##### Available data
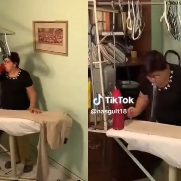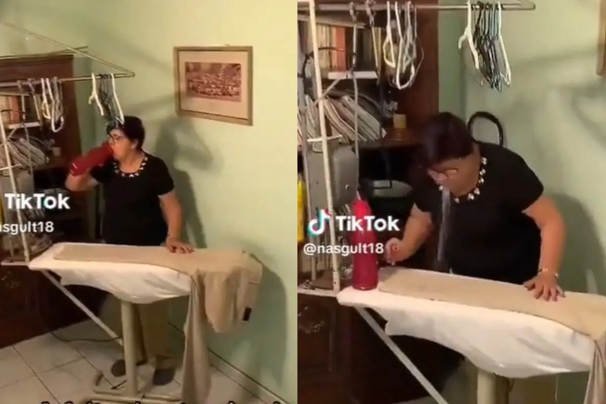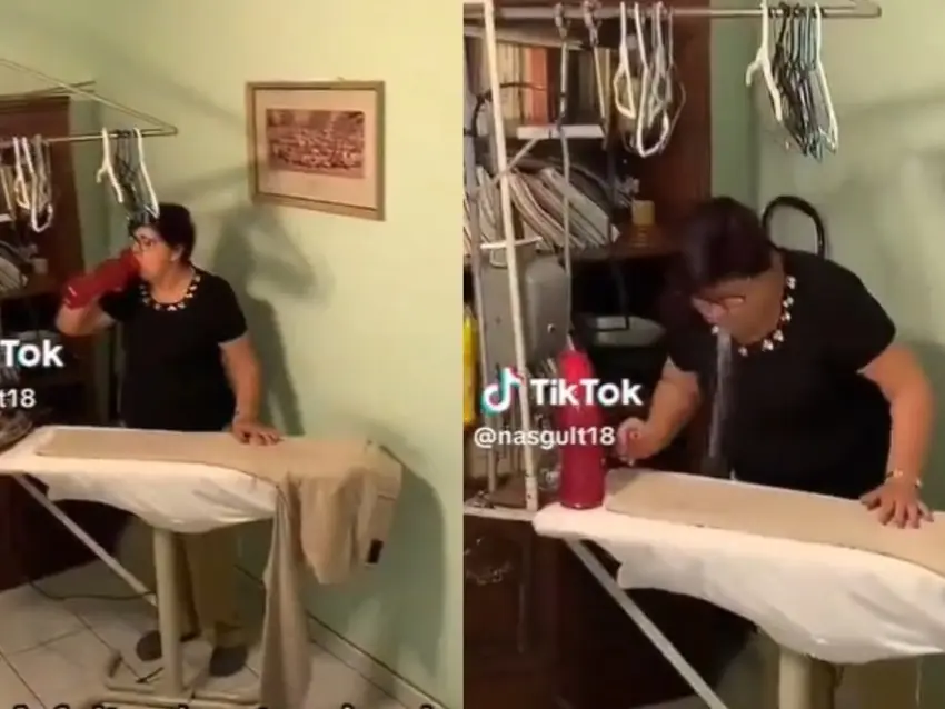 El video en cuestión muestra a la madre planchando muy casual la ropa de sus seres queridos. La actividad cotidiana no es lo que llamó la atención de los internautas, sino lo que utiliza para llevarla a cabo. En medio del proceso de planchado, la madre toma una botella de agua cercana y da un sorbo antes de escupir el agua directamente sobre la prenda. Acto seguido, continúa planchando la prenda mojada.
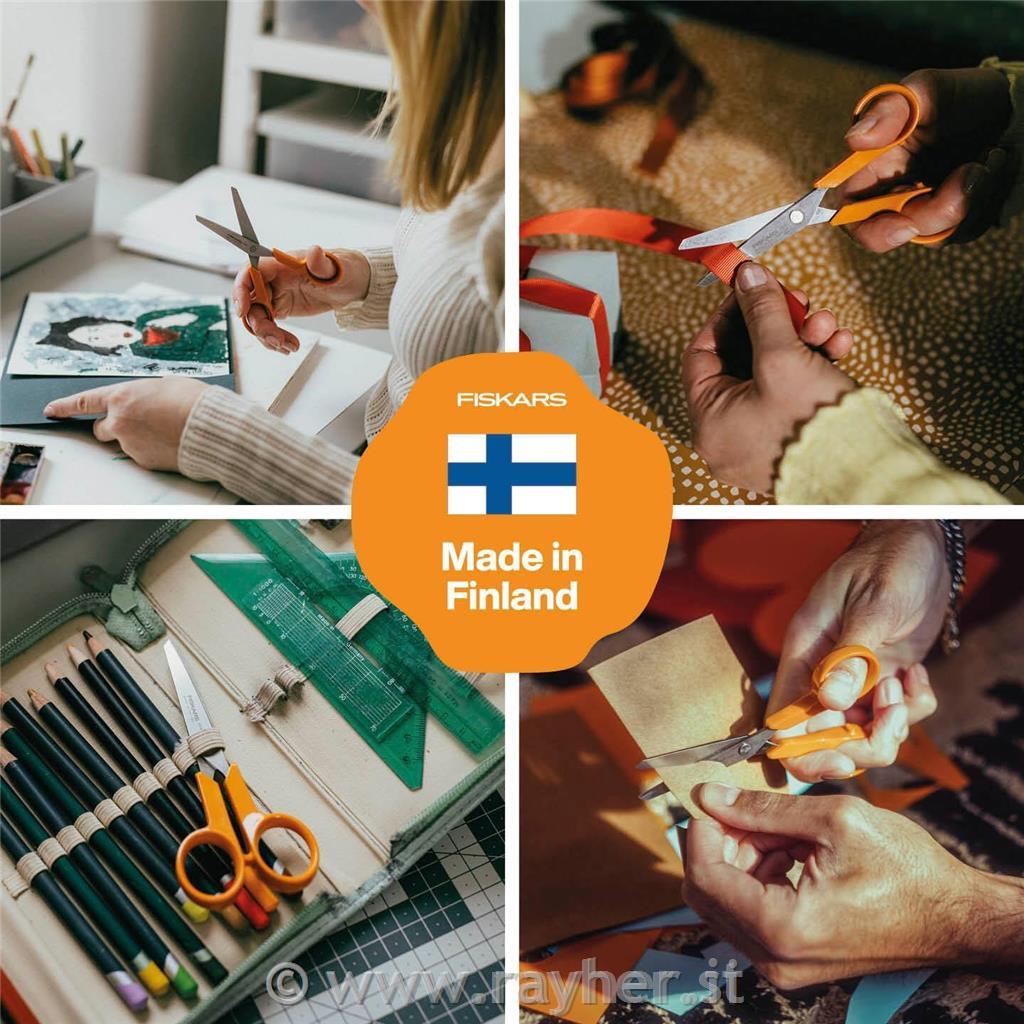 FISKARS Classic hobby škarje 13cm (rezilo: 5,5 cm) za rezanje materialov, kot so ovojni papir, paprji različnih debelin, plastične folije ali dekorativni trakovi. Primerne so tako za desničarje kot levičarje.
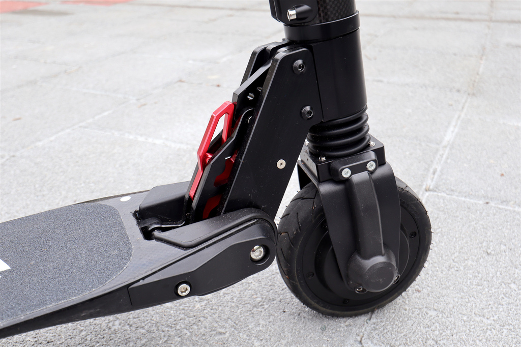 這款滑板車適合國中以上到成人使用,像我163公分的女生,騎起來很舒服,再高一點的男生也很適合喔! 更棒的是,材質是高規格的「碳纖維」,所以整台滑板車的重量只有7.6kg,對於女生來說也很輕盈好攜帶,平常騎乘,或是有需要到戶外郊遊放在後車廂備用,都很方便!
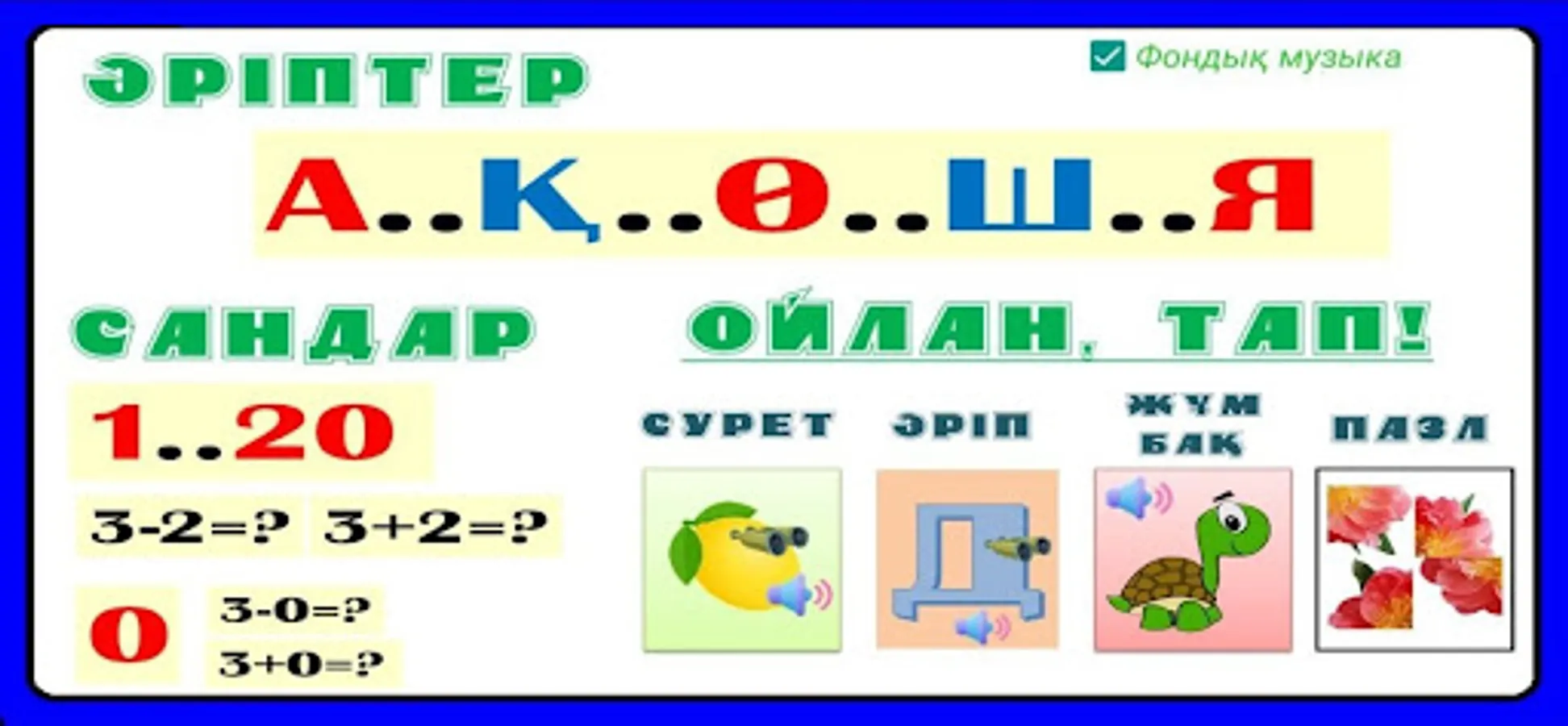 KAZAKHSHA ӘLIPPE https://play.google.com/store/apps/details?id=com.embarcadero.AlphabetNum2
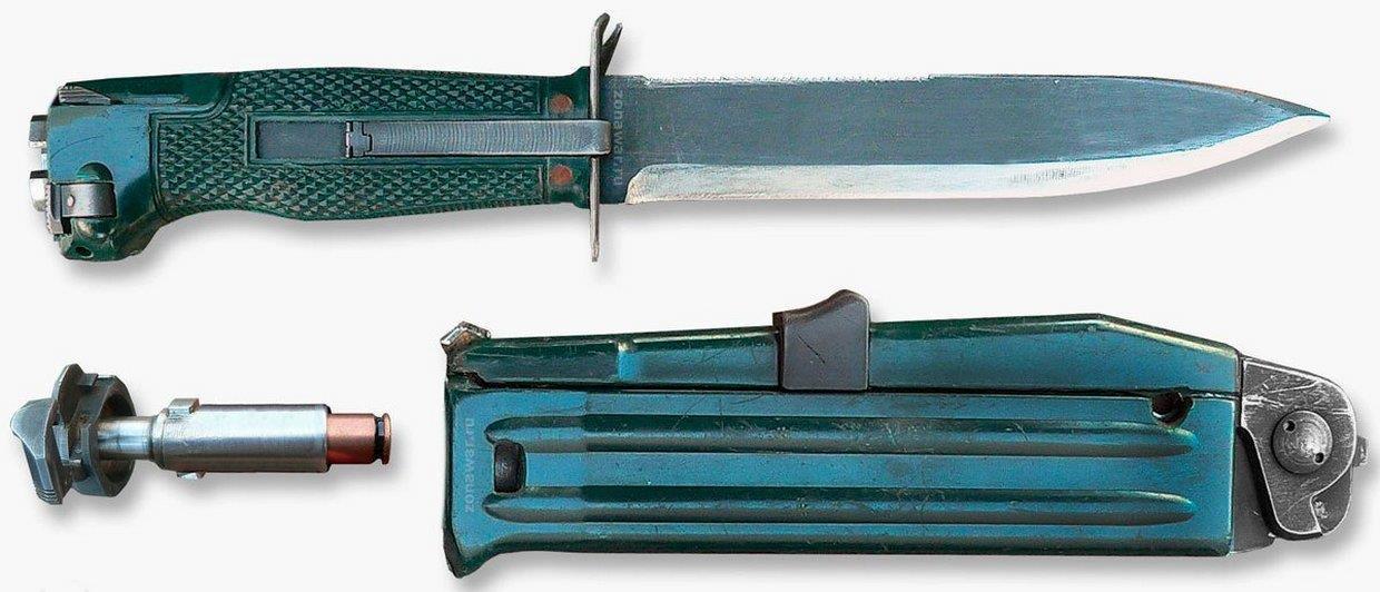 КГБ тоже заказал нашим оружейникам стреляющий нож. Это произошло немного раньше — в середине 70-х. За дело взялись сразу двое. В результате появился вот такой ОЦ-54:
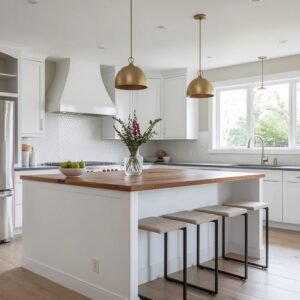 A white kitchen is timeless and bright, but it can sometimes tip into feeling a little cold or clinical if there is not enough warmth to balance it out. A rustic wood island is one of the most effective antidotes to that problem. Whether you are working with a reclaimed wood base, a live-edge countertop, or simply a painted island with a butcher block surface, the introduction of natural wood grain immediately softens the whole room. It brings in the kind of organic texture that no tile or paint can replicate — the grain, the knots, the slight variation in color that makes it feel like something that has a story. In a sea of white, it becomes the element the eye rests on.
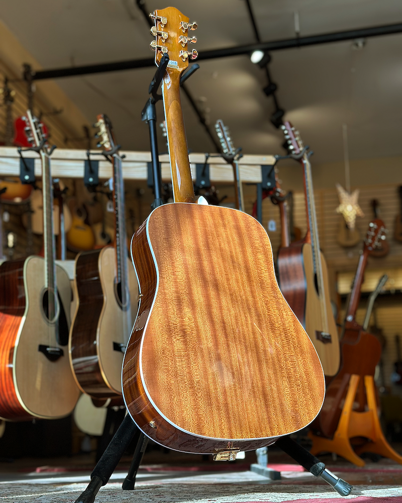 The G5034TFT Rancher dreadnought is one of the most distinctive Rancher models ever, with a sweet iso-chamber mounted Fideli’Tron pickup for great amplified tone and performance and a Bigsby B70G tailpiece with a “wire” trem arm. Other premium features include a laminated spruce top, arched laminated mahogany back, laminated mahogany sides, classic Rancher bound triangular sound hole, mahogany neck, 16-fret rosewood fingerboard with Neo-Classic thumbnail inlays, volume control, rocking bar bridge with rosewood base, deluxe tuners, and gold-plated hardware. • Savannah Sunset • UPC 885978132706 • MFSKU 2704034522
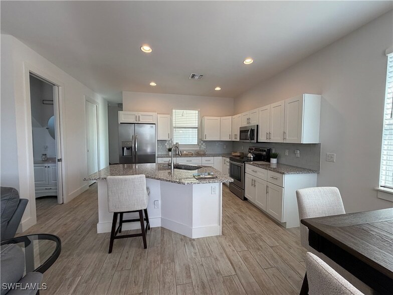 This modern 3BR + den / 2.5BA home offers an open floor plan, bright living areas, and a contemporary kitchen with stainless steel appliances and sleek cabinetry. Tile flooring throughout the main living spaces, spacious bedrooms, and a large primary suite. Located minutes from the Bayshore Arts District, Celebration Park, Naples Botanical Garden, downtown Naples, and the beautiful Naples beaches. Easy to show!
##########
Every line of the listing above is to be set down verbatim, without the pictures.

 El video en cuestión muestra a la madre planchando muy casual la ropa de sus seres queridos. La actividad cotidiana no es lo que llamó la atención de los internautas, sino lo que utiliza para llevarla a cabo. En medio del proceso de planchado, la madre toma una botella de agua cercana y da un sorbo antes de escupir el agua directamente sobre la prenda. Acto seguido, continúa planchando la prenda mojada.
 FISKARS Classic hobby škarje 13cm (rezilo: 5,5 cm) za rezanje materialov, kot so ovojni papir, paprji različnih debelin, plastične folije ali dekorativni trakovi. Primerne so tako za desničarje kot levičarje.
 這款滑板車適合國中以上到成人使用,像我163公分的女生,騎起來很舒服,再高一點的男生也很適合喔! 更棒的是,材質是高規格的「碳纖維」,所以整台滑板車的重量只有7.6kg,對於女生來說也很輕盈好攜帶,平常騎乘,或是有需要到戶外郊遊放在後車廂備用,都很方便!
 KAZAKHSHA ӘLIPPE https://play.google.com/store/apps/details?id=com.embarcadero.AlphabetNum2
 КГБ тоже заказал нашим оружейникам стреляющий нож. Это произошло немного раньше — в середине 70-х. За дело взялись сразу двое. В результате появился вот такой ОЦ-54:
 A white kitchen is timeless and bright, but it can sometimes tip into feeling a little cold or clinical if there is not enough warmth to balance it out. A rustic wood island is one of the most effective antidotes to that problem. Whether you are working with a reclaimed wood base, a live-edge countertop, or simply a painted island with a butcher block surface, the introduction of natural wood grain immediately softens the whole room. It brings in the kind of organic texture that no tile or paint can replicate — the grain, the knots, the slight variation in color that makes it feel like something that has a story. In a sea of white, it becomes the element the eye rests on.
 The G5034TFT Rancher dreadnought is one of the most distinctive Rancher models ever, with a sweet iso-chamber mounted Fideli’Tron pickup for great amplified tone and performance and a Bigsby B70G tailpiece with a “wire” trem arm. Other premium features include a laminated spruce top, arched laminated mahogany back, laminated mahogany sides, classic Rancher bound triangular sound hole, mahogany neck, 16-fret rosewood fingerboard with Neo-Classic thumbnail inlays, volume control, rocking bar bridge with rosewood base, deluxe tuners, and gold-plated hardware. • Savannah Sunset • UPC 885978132706 • MFSKU 2704034522
 This modern 3BR + den / 2.5BA home offers an open floor plan, bright living areas, and a contemporary kitchen with stainless steel appliances and sleek cabinetry. Tile flooring throughout the main living spaces, spacious bedrooms, and a large primary suite. Located minutes from the Bayshore Arts District, Celebration Park, Naples Botanical Garden, downtown Naples, and the beautiful Naples beaches. Easy to show!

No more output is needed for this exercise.